Die erste Phase der Projektarbeit dient der Sichtung der einschlägigen Quellenbestände, die sich nicht auf die Überlieferungen in Baden-Württemberg beschränkt, sondern auch Archivalien aus dem Bundesarchiv miteinbezieht, soweit sich die Tätigkeit der Landesministerien in den Akten der Reichsministerien widerspiegelt. Auch französische Quellenbestände gehören dazu, da das Personal der badischen Landesministerien maßgeblich an der deutschen Zivilverwaltung beteiligt war, die 1940 im Elsass aufgebaut wurde. Die Auswertung des Materials wird in zwei Schritten erfolgen. Der erste ist die Dokumentation der inneren Entwicklung und der Tätigkeit der einzelnen Ministerien in Baden und in Württemberg von 1933 bis 1945, wobei das Augenmerk auf dem Personalbestand, den Entscheidungsprozessen und den Aufgabenfeldern des Verwaltungshandelns liegen wird.

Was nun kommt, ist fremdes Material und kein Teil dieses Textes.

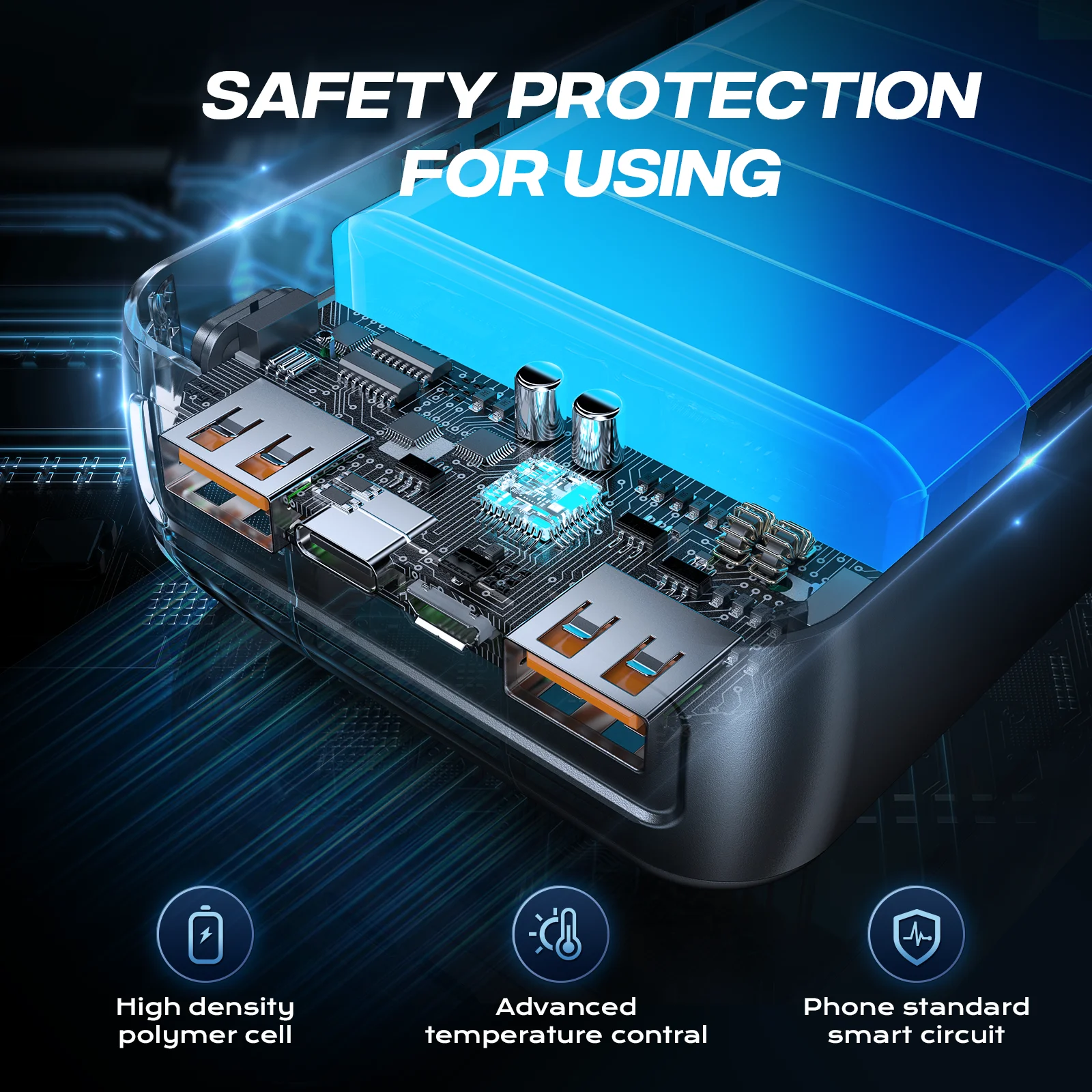 Features 22.5W Power Delivery fast charging via the USB-C port, capable of charging most phones from 0% to 50% in just about 30 minutes for a quick power boost.

Dabei spielen insbesondere auch die Reaktionen auf den Zentralisierungsdruck, der auf allen Landesministerien lastete, eine Rolle. In einem zweiten Schritt wird die Perspektive auf alle Ministerien sowohl in Baden als auch in Württemberg geweitet und zugleich ressortübergreifend auf einzelne Themen fokussiert, die in Zusammenhang mit den genannten Leitfragen des Projekts relevant sind.

 

Weiterführende Informationen

  • Vorstudie und Projektexposé vom 15. November 2013 [Lesen]
  • „Nur kleine Rädchen im Getriebe?“ – Artikel von Prof. Engehausen in der Zeitschrift Momente [Lesen]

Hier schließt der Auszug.